# Planetary Governor - AdeptiCon Exclusive miniature



## Commissar Ploss (Feb 29, 2008)

When i went to AdeptiCon this year in Chicago, there were a few things that you got in your "Swag Bag" when you bought your weekend pass. There were two limited edition models that were given away this year. One was a "Witch Hunters" Inquisitor-type model and another was a Planetary Governor-type model for use as an objective or what have you for 40k. I felt the need to paint the Planetary Governor right away. So after a few days, here's what i've finally come up with. It will be based, but since i'm focusing on the paint job here right now the pictures below are of the painted model only. 

Cheers, and please post your comments!

CP


































once again, please comment. :drinks:


----------



## Dagmire (Oct 9, 2008)

Ploss i will look at the pics asap (still onthe work comp)
What are you doing with the Witch hunter model???????? hint hintady hint hint


----------



## Commissar Ploss (Feb 29, 2008)

i might ebay it... idk... hint-a-dee-hint-hint. lol

either that or paint it, since its cool looking. It would make a great inquisitor stand-in.


----------



## Dagmire (Oct 9, 2008)

do you have pics? if so i woundnt mind first refuesel...........
PS How was Adepticon? i hear great things from 40k radio.
Maybe you could write a review?
D


----------



## Commissar Ploss (Feb 29, 2008)

yes i have pictures. i'll send them to you.

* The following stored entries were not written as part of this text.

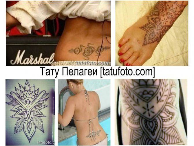 - Fotografie tetování na noze Pelageya ukazuje, jak krásný a neobvyklý může být vzor na těle. Zřetelně se na něm objevují indické lidové motivy. Pelageyino tetování na noze bylo jejím dlouholetým snem, který se objevil hned poté, co se objevilo to první. Zpěvačka si opravdu přála obraz ve stylu indických svatebních vzorů. Folková zpěvačka říká, že sezení trvalo šest hodin a na konci pro ni bylo těžké. Zpěvaččina matka se obávala, že Pelageyino tetování bude agresivní a provokativní, ale nakonec dceřinu volbu schválila.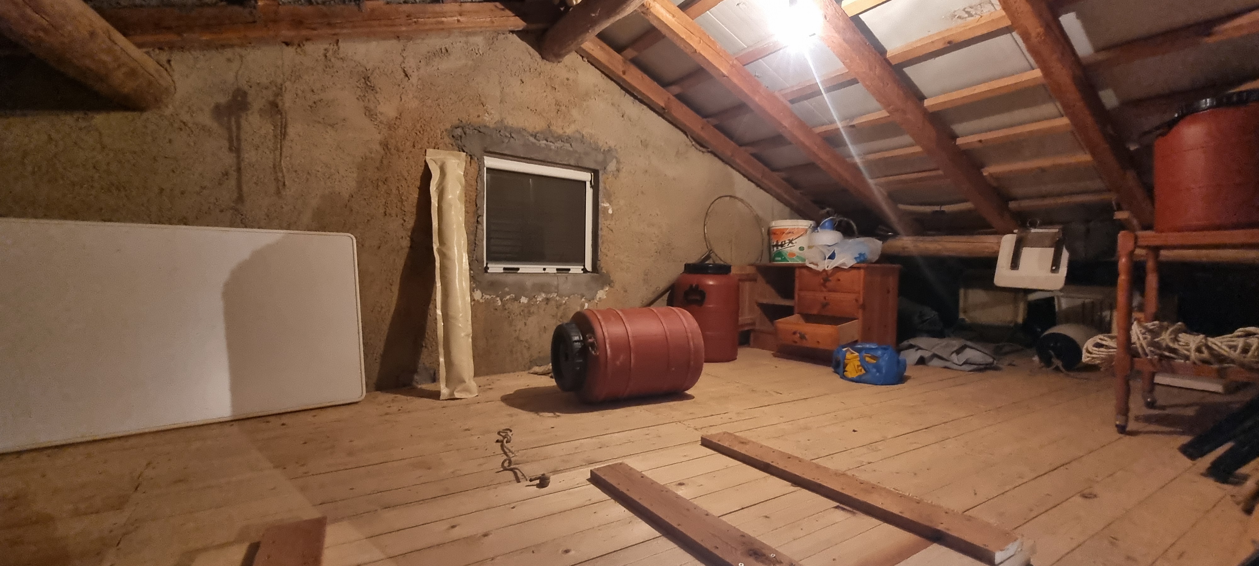 To the back is another smaller house - currently set up as a storeroom, living and kitchen area and WC. This one definitely needs modernising, but would make a very nice "tiny home" or optional rental space - it has a traditional wood burner installed and also an open fireplace.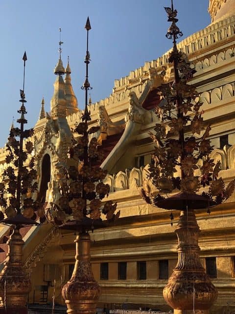 Pagoda Shwezigon – é um templo budista localizado em Nyaung-U. Consiste em uma estupa circular dourada cercada por templos e santuários menores. A construção do templo começou durante o reinado do Rei Anawrahta e foi concluída em 1102 d.C., durante o reinado do rei Kyanzittha da dinastia Pagan.

AdeptiCon was great, i'm writing a report on it already, and i should have it posted soon.

Can you see the Planetary governor yet? would love to hear your comments on it. 

CP


----------



## Dagmire (Oct 9, 2008)

looking real nice dude. Bit fat though. 
I think he could do really well moddeled on to some sort of balcony, over watching a prade.

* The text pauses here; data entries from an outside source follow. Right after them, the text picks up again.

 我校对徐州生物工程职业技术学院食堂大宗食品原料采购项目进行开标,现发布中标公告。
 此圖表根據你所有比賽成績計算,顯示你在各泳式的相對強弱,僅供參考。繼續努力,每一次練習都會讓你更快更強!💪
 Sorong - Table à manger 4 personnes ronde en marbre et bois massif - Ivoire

PS plos do you wear DPM for a living ?


----------



## Commissar Ploss (Feb 29, 2008)

Dagmire said:


> looking real nice dude. Bit fat though.
> I think he could do really well moddeled on to some sort of balcony, over watching a prade.
> 
> PS plos do you wear DPM for a living ?


I might take you're advice on modelling him into a balcony. that would be cool.

DPM? wha? :scratchhead:

CP


----------



## Dagmire (Oct 9, 2008)

Camo (dpm) disruptive pattern material


----------



## Commissar Ploss (Feb 29, 2008)

god, sorry, its been a few years since i heard it called that. No i just love those pants. They are great for everything. My boots don't fit anymore, and i don't know what happened to my jacket from the service... oh well. good times. we used to call it digicam pattern. sounded kinda like a little kids handheld game. "digicam" lol

CP

edit: however, to answer your question, no i don't wear them for a living anymore. Just as a reminder of what i used to be, and they are damn comfortable.


----------



## Commissar Ploss (Feb 29, 2008)

bumping in the hopes of more comments? pwease?

CP


----------



## the.alleycat.uk (Jun 11, 2009)

My two cents. Tidy up the shoes a little, use some thinned down black to make the grey lines a bit thinner.

I'm not sure if the reflection level is down to the photo but it looks like the metallics could do with a wash [I heart GW wshes] to tone them down, on the same front i'd give the red a light wash of devlan mud, flatbrush on some bood red highlighting when that's dry and then give it a baal red wash. That should make the sash 'pop' a little more.

The material of the suit looks great [Chandon Granite?] HEad also looks good but the reflection is stopping me getting a proper look. All in all looking good though


----------



## imm0rtal reaper (Jul 15, 2008)

Looks good to me, the only thing I don't like is the face. I'm not sure that it's the paint job, I think the sculpt of the face just looks wierd.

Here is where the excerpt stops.